Well, not really the interview, but a story describing the interview (click on the related coverage item with a few actual quotes as well.) (Strib Article) Would love to see the full transcript if it ever becomes available. I pretty much vented my spleen last nite, so not much outrage left this morning. Like many people I tend to get angriest when I am disappointed. Before all this I really had no particularly negative impression of our Governor. I assumed he was competent, he certainly seemed to try to portray a pragmatic, middle of the road approach. This hasn’t been a good year for him. The epidemic response can only be described as incompetent, driven by panic and herd mentality, and is devolving into something worse. The handling of the riots in the aftermath of George Floyd’s death showed movement from Incompetent Blowhard to Ideological Incompetent Blowhard. Allowing unlimited wanton destruction to public and private property–most of the private property owned by or serving minorities, was a shocking disgrace. So, it would be fair to say I am disappointed in and have lost a lot of respect for the man, and it is unlikely he can redeem himself.
The interview was designed to be both a retrospective look at his version of one-man rule and a look forward to what might make him declare victory and give up. There isn’t actually a lot in the story.
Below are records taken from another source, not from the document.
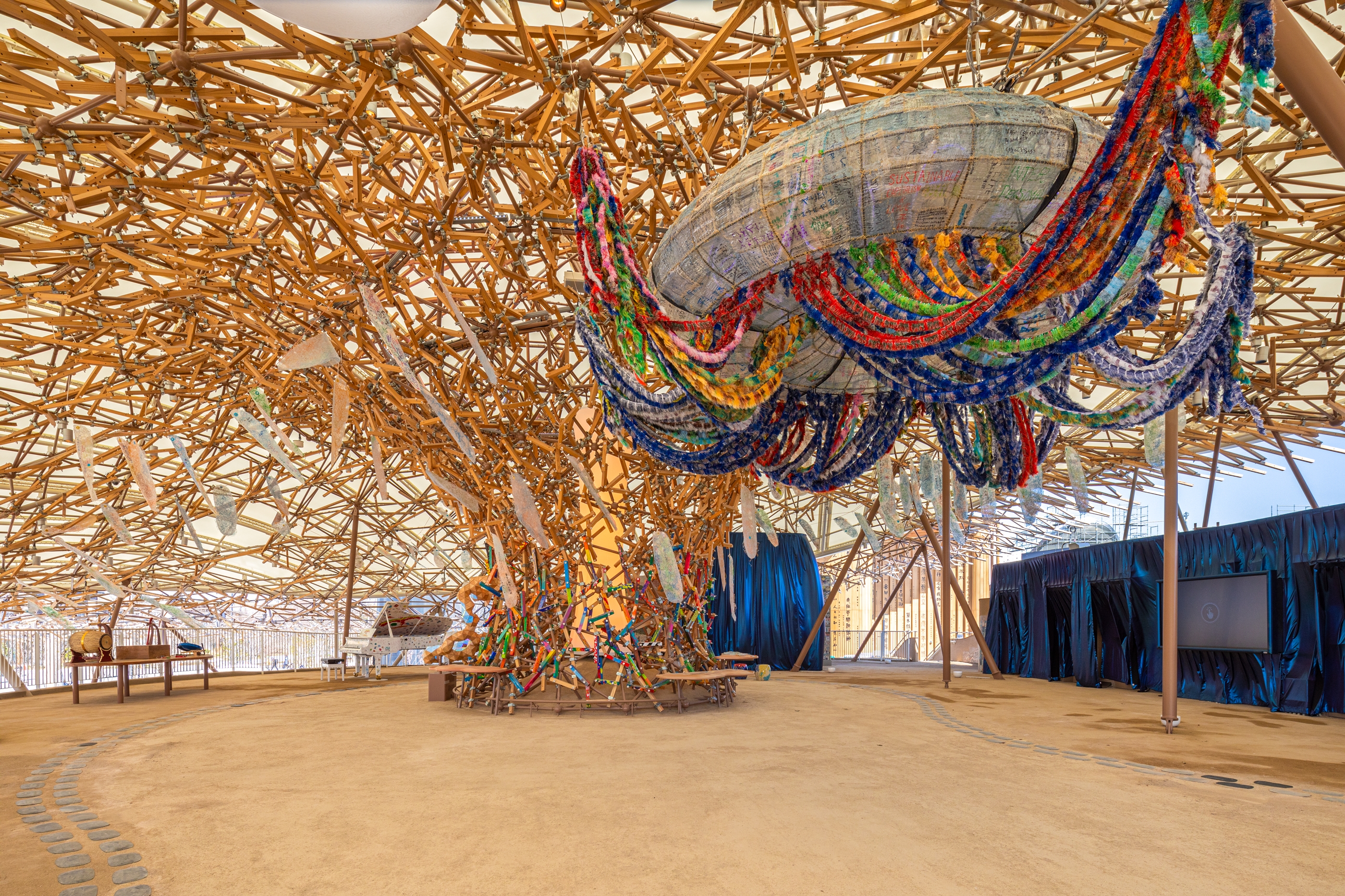 2025年大阪・関西万博のテーマ事業館パビリオン「いのちの遊び場 クラゲ館」において、中央から屋根全体に放射状に広がる「創造の木」の木材配置パターンの検討と、生産設計レベルの精度の高い3Dモデルの作成を実施設計段階で担当しました。
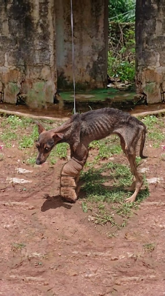 Without food, without care, his strength slowly disappeared. Bones pressed sharply beneath his fur. His eyes dulled. And the pain—constant and unforgiving—only grew worse.
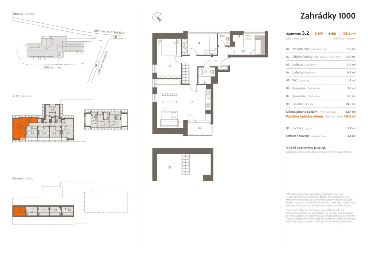 Nabízený apartmán má dispozici 4+kk a celkovou plochu 102,7 m2 s lodžií 3,4 m2. V přízemí nabízí dvě ložnice, obývací pokoj s prostupem na lodžii, koupelnu se sprchou a s přípravou na saunu a chodbu se samostatnou toaletou, a v patře pak galerii jako ložnici. Orientace oken je na všechny světové strany s výhledem do kraje. K apartmánu náleží sklep.
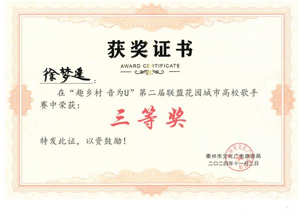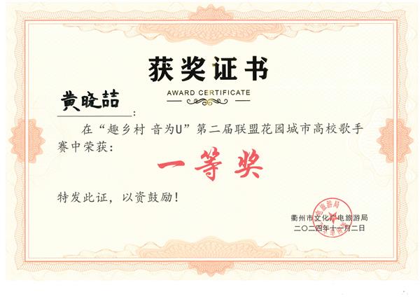 比賽匯聚了來自南昌大學、衢州學院、黃山學院、浙江藝術(shù)職業(yè)學院的38名選手參與初賽,最終15名選手晉級。我校選送了13名選手參賽,其中7名選手晉級決賽。經(jīng)過激烈角逐,我校參賽隊獲得了一等獎1名、二等獎1名、三等獎5名的優(yōu)異成績,音樂學院黃曉喆獲大賽一等獎第一名的好成績。

In terms of ending the dictatorship, the Governor wants community spread under 20% of cases and a test positivity rate of 4%. By community spread he is referring to unknown community transmission. So that one is totally dependent on how good or bad the state’s contact tracing efforts are. Great. The test positivity rate is an absurd measure, totally dependent on how many tests are being done and on avoiding false positives. In a low prevalence world, you could have a majority of false positives, without even considering the low “positive” issue. This is not smart testing or designing a meaningful metric for a major decision. So government as usual for him. Realistically, we will never get out of this is those are the criteria.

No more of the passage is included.